### What you should do
Write out the listing exactly, dropping any picture it contains.

### Data to examine
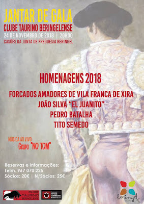 Neste jantar serão homenageados pelo Clube Taurino Beringelense o GRUPO DE FORCADOS AMADORES DE VILA FRANCA DE XIRA, o novilheiros JOÃO SILVA "EL JUANITO", o fotografo PEDRO BATALHA e o cavaleiro TITO SEMEDO.
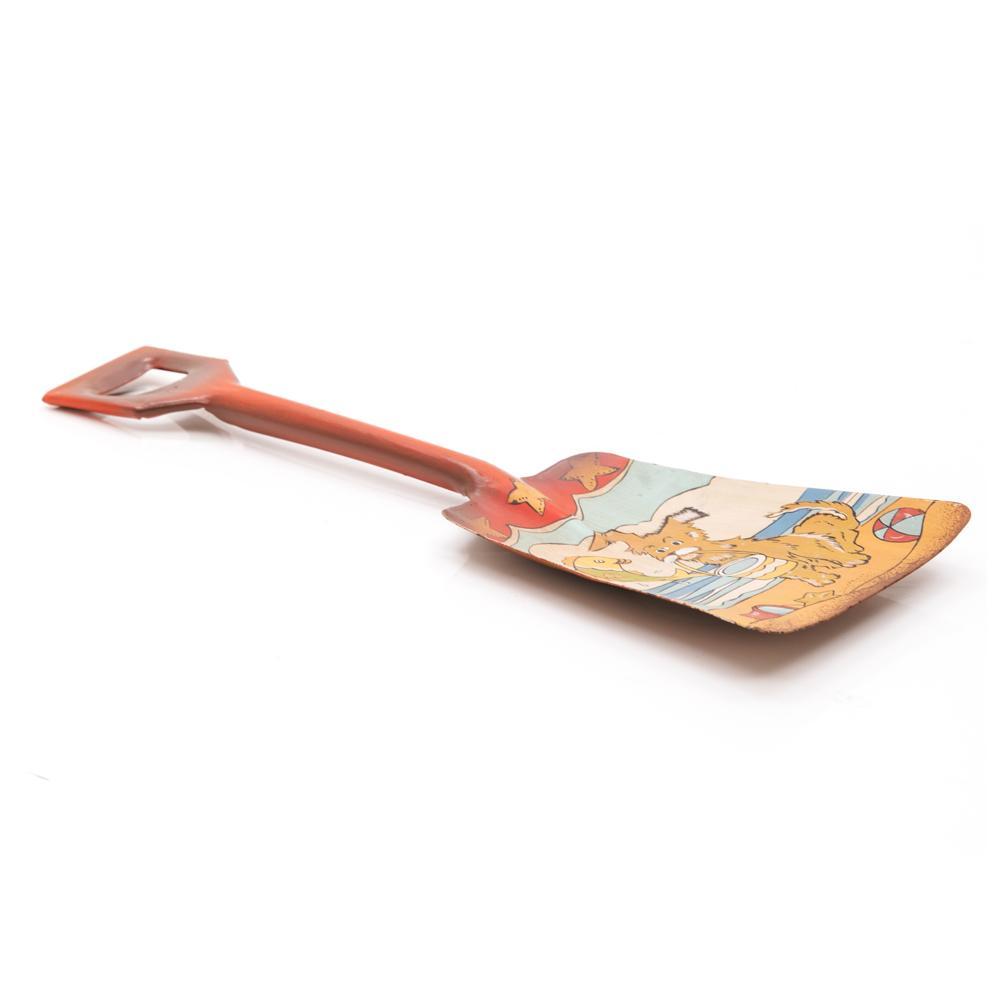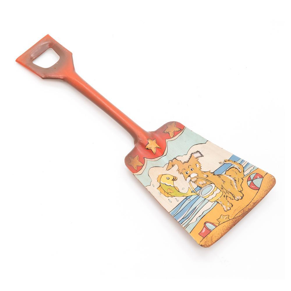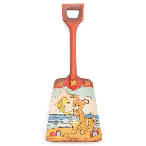 Details: Vintage painted metal shovel with a dog and fish on the beach. Dimensions: 12" H x 4.5" W x 0" D
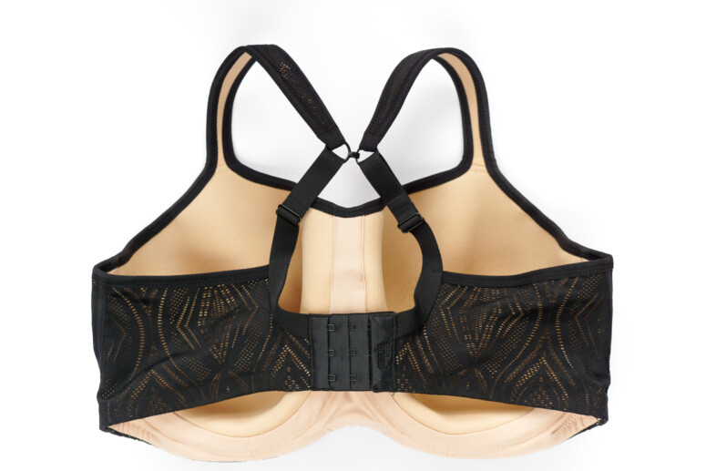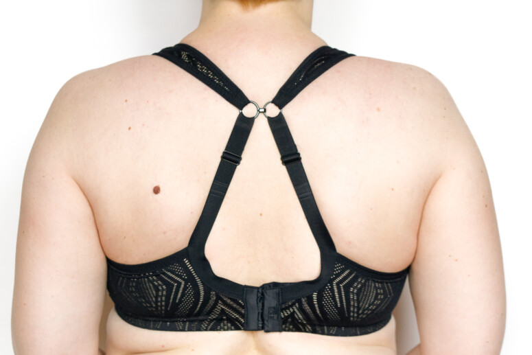 Co do redukcji wstrząsów – nie mam sposobu, by zmierzyć, czy obiecane przez producenta 83% redukcji ruchu piersi jest prawdą, ale gdy próbuję w Panache Sporcie podskakiwać, to bounce jest naprawdę minimalny. Biust praktycznie nie opada w dół, jedynie faluje nieco w górę, i tu czekam na kolejne osiągnięcia inżynierii stanikowej, bo jeszcze żaden testowany przeze mnie model nie przytrzymał biustu od góry tak samo skutecznie, jak od dołu (a BARDZO przydałby się taki ficzer przy pozycjach odwróconych w jodze 🙂 )
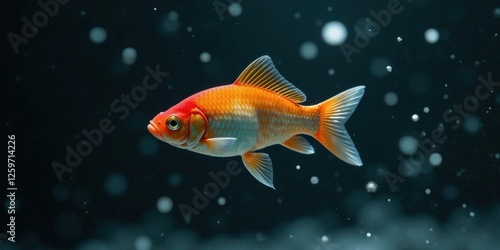 © Angel Pic, Fototapeta premium A vibrant orange goldfish gracefully swims through a dark aquatic environment, surrounded by a gentle flurry of tiny particles
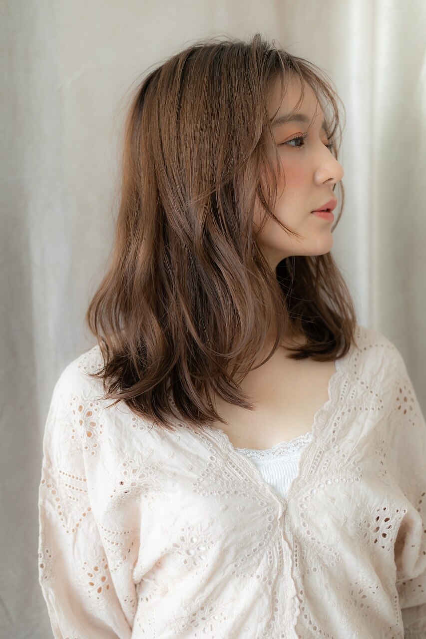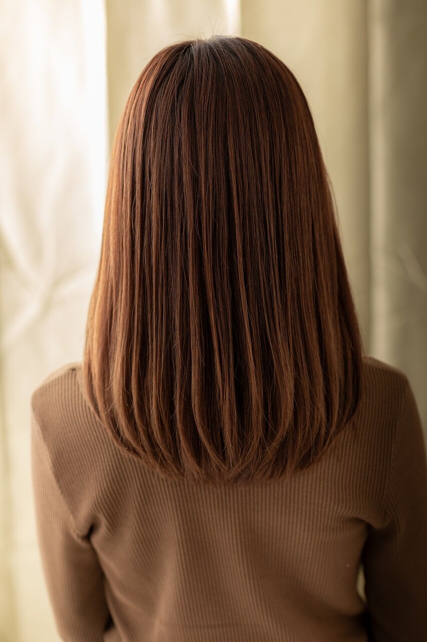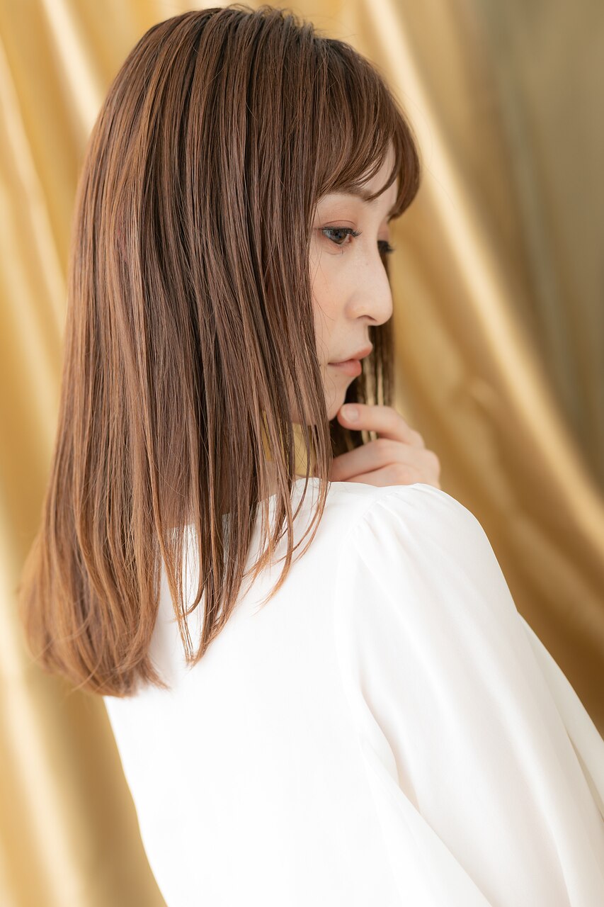 シースルー前髪,鎖骨ミディアム,オン眉,フレンチガーリー,ボブウルフ,ミニボブ,厚めバング,無造作,重めスタイル,くびれショート,切りっぱなしボブ,モード,クラシカル,セミディ,重めスタイル,髪型,ヒアルロン酸ブラウンカラーは白髪にも対応

### Solution for this problem
 Neste jantar serão homenageados pelo Clube Taurino Beringelense o GRUPO DE FORCADOS AMADORES DE VILA FRANCA DE XIRA, o novilheiros JOÃO SILVA "EL JUANITO", o fotografo PEDRO BATALHA e o cavaleiro TITO SEMEDO.
 Details: Vintage painted metal shovel with a dog and fish on the beach. Dimensions: 12" H x 4.5" W x 0" D
 Co do redukcji wstrząsów – nie mam sposobu, by zmierzyć, czy obiecane przez producenta 83% redukcji ruchu piersi jest prawdą, ale gdy próbuję w Panache Sporcie podskakiwać, to bounce jest naprawdę minimalny. Biust praktycznie nie opada w dół, jedynie faluje nieco w górę, i tu czekam na kolejne osiągnięcia inżynierii stanikowej, bo jeszcze żaden testowany przeze mnie model nie przytrzymał biustu od góry tak samo skutecznie, jak od dołu (a BARDZO przydałby się taki ficzer przy pozycjach odwróconych w jodze 🙂 )
 © Angel Pic, Fototapeta premium A vibrant orange goldfish gracefully swims through a dark aquatic environment, surrounded by a gentle flurry of tiny particles
 シースルー前髪,鎖骨ミディアム,オン眉,フレンチガーリー,ボブウルフ,ミニボブ,厚めバング,無造作,重めスタイル,くびれショート,切りっぱなしボブ,モード,クラシカル,セミディ,重めスタイル,髪型,ヒアルロン酸ブラウンカラーは白髪にも対応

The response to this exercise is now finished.